Energy Generation and Storage
Building on their expertise in fluid behavior in underground rock from geothermal energy research, Berkeley Lab scientists are exploring ways to ensure year-round energy access through geologic hydrogen and underground water-storage systems. With support from DOE’s ARPA-E program, they conduct research essential to stimulating the production of geologic hydrogen through chemical reactions between certain rocks and water in the subsurface, and to extracting geologic hydrogen safely. Applying knowledge gained over several decades of observing how fluids behave in Earth’s subsurface, one team is studying how to inject fluids at varying pressures, temperatures, and pH levels to control the extraction of hydrogen without inducing harmful seismicity.
Geologic hydrogen generation occurs fastest in deep and hot environments that would be costly and commercially risky to access.
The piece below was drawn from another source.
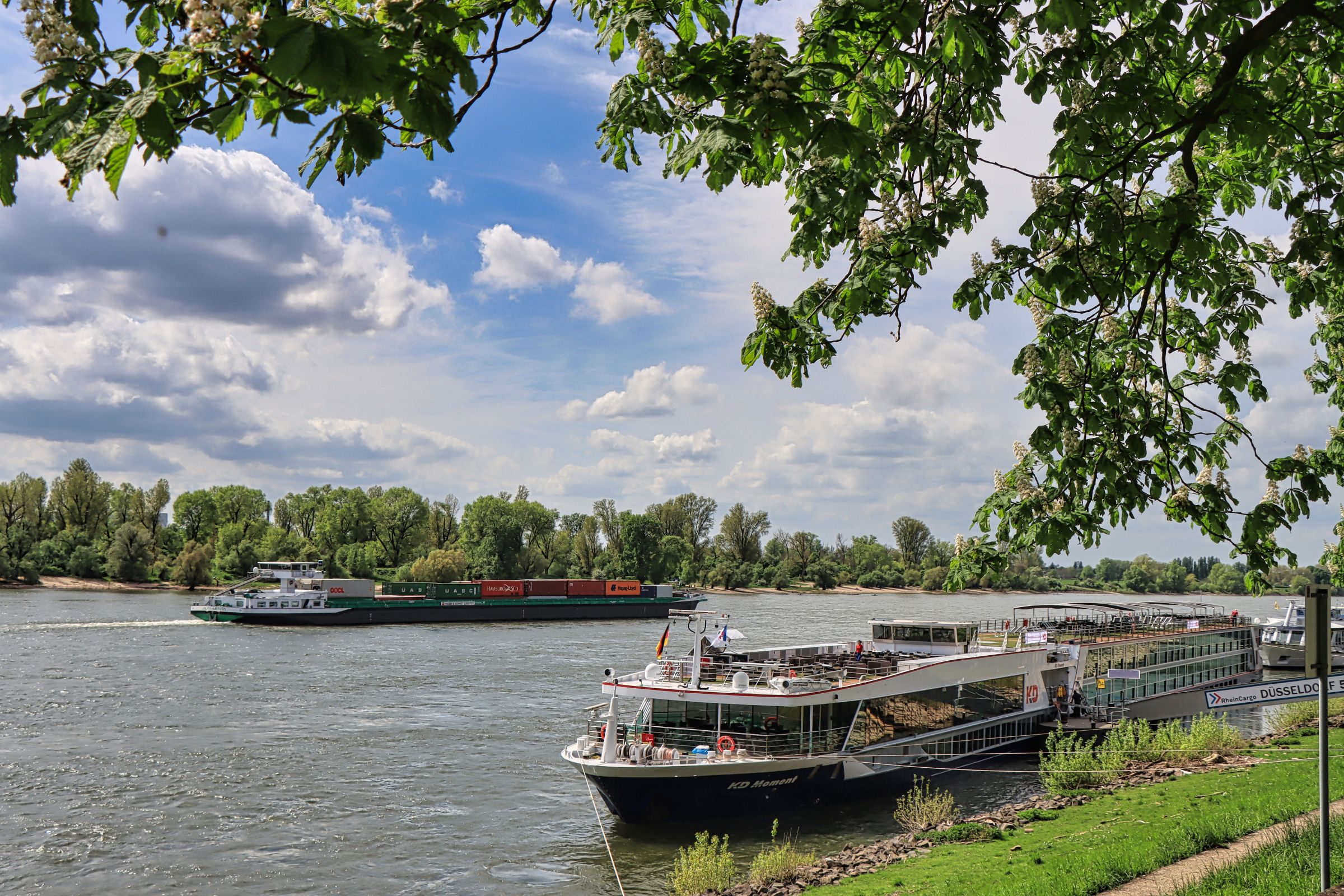 Nachdem ich mich dann doch lösen konnte, bin ich noch über die Straße, wo hinter der Zufahrt zur Messe gleich der Rheindeich beginnt. Während ich etwas gedankenverloren auf das Wasser blicke, höre ich plötzlich ein „Määääh“. Ich mache einen Schritt nach vorne, schaue hinter die Deichmauer und erblicke eine ganze Schafherde incl. des Nachwuchses. Kleine Lämmchen guckten mir sozusagen direkt neugierig in die Kamera. Da mußte ich natürlich auf den Auslöser drücken. Sind sie nicht süß? Wie immer gibt es diese und ein paar weitere Bilder bei Flickr und Google Photos.
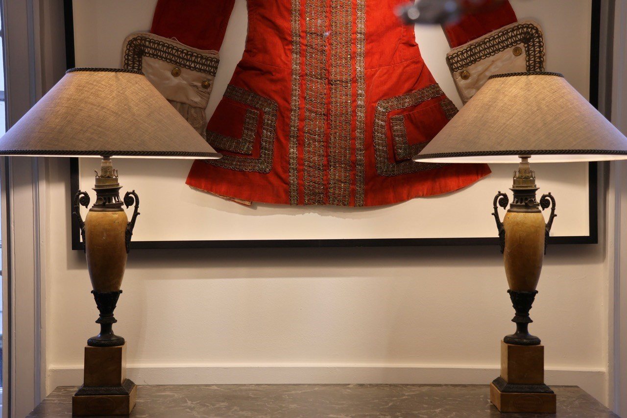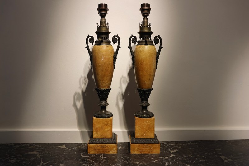 A fine pair of early 19th century French Carcel-type table lamps in sheet metal, painted to imitate Sienna yellow marble and patinated metal in the shape of antique vases on pedestals, with square bases. Both table lamps Inscribed: “Lampe Silvant – par brevet d’invention – Industrie française avec garantie”.

Berkeley Lab researchers are using quantum chemistry simulations and experiments as they investigate how to speed up hydrogen-generating reactions in cooler, shallower environments safely and affordably.
In parallel, scientists are advancing aquifer thermal energy storage (ATES), which uses naturally occurring underground water to store energy for later use to heat and cool buildings — helping reduce power grid strain during extreme temperatures. These systems use deeper aquifers that don’t impact drinking water supplies and often rely on heat pumps to deliver energy at usable temperatures.
Water Management and Reuse
Approximately 40% of the U.S. water supply comes from underground reserves, but their location, volume, and availability are often uncertain. To better understand and manage these resources, Berkeley Lab geophysicists track water movement using a mix of traditional methods, new sensors, and modeling tools. Their work helps answer key questions about groundwater recharge — such as where water goes, whether it reaches the aquifer, and how subsurface geology affects recharge. They’ve developed a way to estimate aquifer volume changes by analyzing ground deformation with satellite images and advanced modeling, creating region-specific 3D groundwater maps.
A suite of software codes developed at Berkeley Lab, called TOUGH for Transport of Unsaturated Groundwater and Heat, helps solve complex problems requiring advanced simulation of the movement of fluids and heat in Earth’s subsurface. Originally developed to trace groundwater contamination, the TOUGH codes are now widely used in research and industry for applications like geothermal energy and oil and gas production.
Berkeley Lab also leads efforts through the National Alliance for Water Innovation (NAWI) to improve desalination technologies for treating groundwater and other salty waters. Supported by the DOE and several California agencies, NAWI aims to lower the cost and energy demands of using nontraditional water sources.
[Image]
(A) Berkeley Lab scientists are quantifying lithium and studying its recovery from the brines deep beneath the Salton Sea.
(B) Berkeley Lab researchers conduct a drone survey for rare earth elements at a coal refuse site in Pennsylvania.
(C) A scientist in the field sets up fiber optic sensing cables to monitor seismicity underground along the San Andreas fault.